Romano P E
Department of Ophthalmology, University of Florida College of Medicine, Gainesville 32610-0284.
Arch Ophthalmol. 1989 Jun;107(6):824-6. doi: 10.1001/archopht.1989.01070010846026.
It is often clinically important, but also often difficult, to make a definitive morphologic diagnosis of optic nerve hypoplasia in a young child. If, however, one can obtain a photograph of the fundus, including the optic disc, one can make a simple measurement of the horizontal diameter of the optic disc and make this diagnosis. To determine if the horizontal diameter of the optic disc on a 35-mm photographic transparency could be used to separate patients with optic nerve hypoplasia from normal individuals, I measured directly on the transparency the horizontal diameter of the optic disc image taken by a standard 30 degrees field fundus camera with X2.5 magnification in a series of 55 normal eyes, and in 16 eyes with clinically confirmed optic nerve hypoplasia. For the normal series of eyes, the mean optic disc horizontal image diameter was 3.88 mm, with a range of 3.44 to 4.70 mm. For the series of eyes with optic nerve hypoplasia, the mean horizontal diameter was 2.64 mm, with a range of 1.80 to 3.27 mm. There was no overlap between the normal control series and the pathologic series.
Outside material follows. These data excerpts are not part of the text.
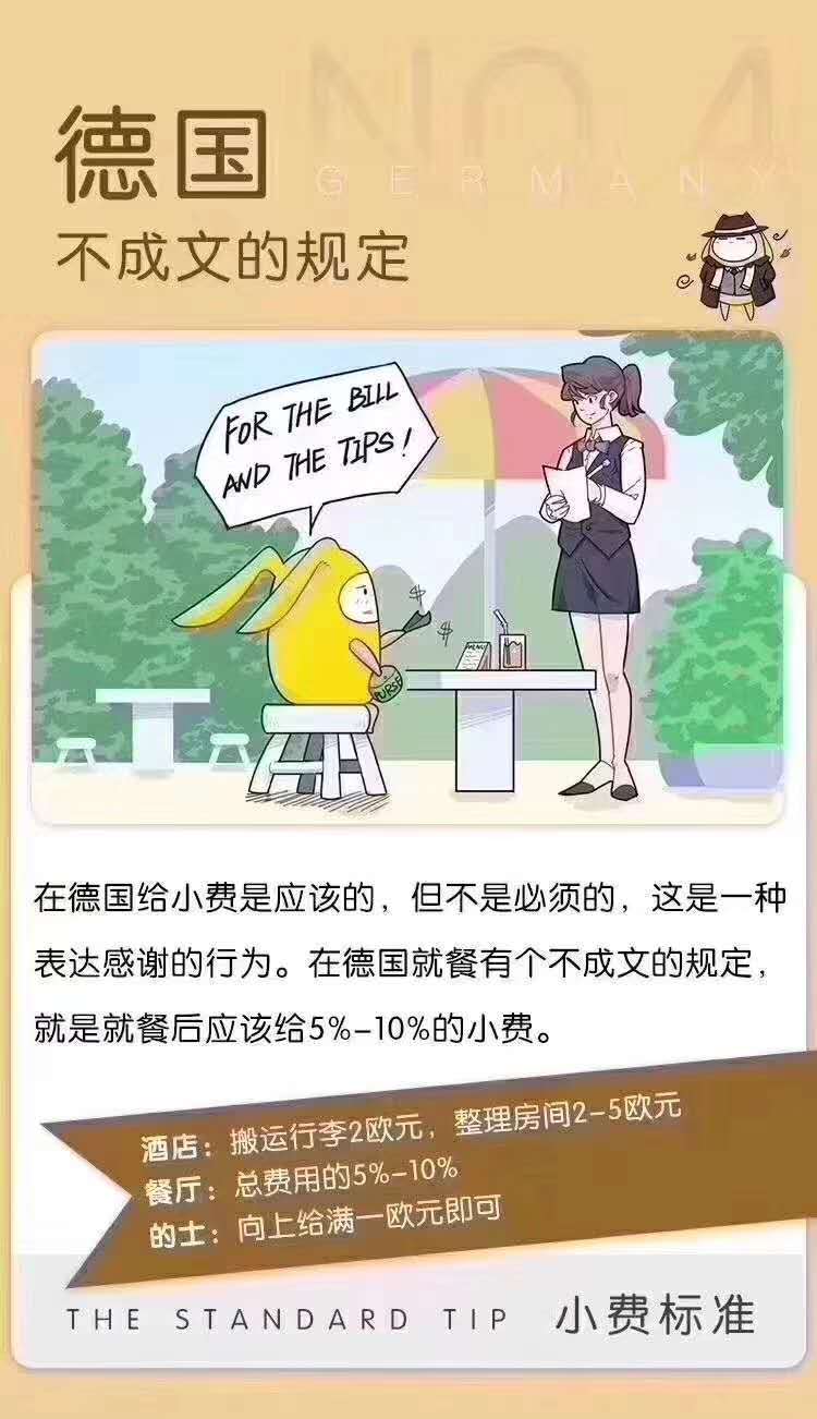 餐館:點(diǎn)餐餐廳的標準為10%,也可以向上取最近的5歐元的倍數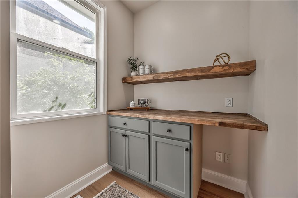Built-in cabinetry with a wood-finish countertop, coordinating floating shelf, and natural light from the window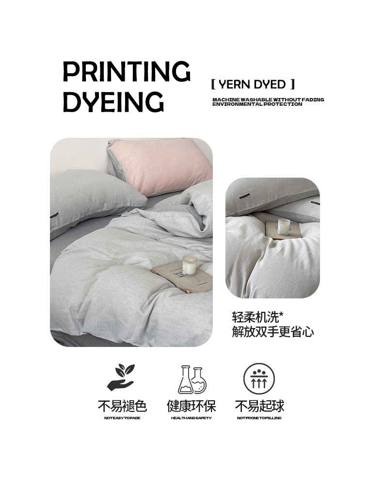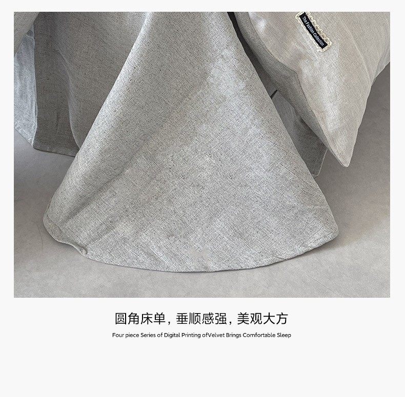 商品名称:2025新款休闲风超柔棉麻四件套简约纯棉全棉复古风素色亚麻高端床上用品四季通用 安缦-灰

In subjects with no major ametropia (less than 2.5 diopters of spherical or cylindrical refractive error), a 3.4-mm horizontal diameter optic disc image on a 35-mm transparency can be used as a clinical guide or dividing line for the diagnosis of optic nerve hypoplasia, larger nerves being considered normal and smaller nerves being considered hypoplastic.